Al tercer día observó que no iba solo. La verdad es que una multitud de hombres y mujeres, un poco alucinados, caminaban en la misma dirección. A veces, uno se descalabraba al pisar un guijarro y abandonaba la ruta. Otras veces, varios tomaban un camino diferentes, ilusionados por las naranjas y manzanas y cerezos percibidos en la lejanía. Se apartaban y nunca más se volvían a ver.

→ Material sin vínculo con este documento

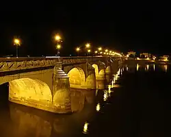 In 1944 it was the target of the first Tallboy and the fourth Azon bombing raids by Allied planes. On 8/9 June 1944,[5] 5,400 kg (12,000 lb) Tallboy "earthquake" bombs were first used, against a railway tunnel near Saumur. The hastily organized night raid was to stop a planned German Panzer Division, travelling to engage the newly landed allied forces in Normandy. The panzers were expected to use the railway to cross the Loire. No. 83 Squadron RAF illuminated the area with flares from four Avro Lancasters and marked the target at low level by three de Havilland Mosquitos. 25 Lancasters of No. 617 Squadron RAF, the "Dambusters" then dropped their Tallboys from 5,500 m (18,000 ft) with great accuracy. They hit the approaches to the bridge, blocked the railway cutting and one pierced the roof of the tunnel, bringing down a huge quantity of rock and soil which blocked the tunnel, badly delaying the German reinforcements moving towards Normandy, especially 2nd SS Panzer Division Das Reich.[6][7] The damaged tunnel was quickly dug out to make a deeper cutting, resulting in the need for a second attack.

El señor G pertenecía al pequeño grupo que persistió en la ruta más difícil. Entre dientes murmuraban "Ya falta poco"... "Tengo que llegar"... "La Redención me espera"... El señor G no entendía que todas las frases que llegaban a sus oídos se refirieran siempre a un yo disuelto entre las brumas del caminillo al borde de las aguas marinas. Era como un rito inexorable que no admitía variación. Un machacar la conciencia con el desafío que les obligaba a seguir, incansables, hasta el fin.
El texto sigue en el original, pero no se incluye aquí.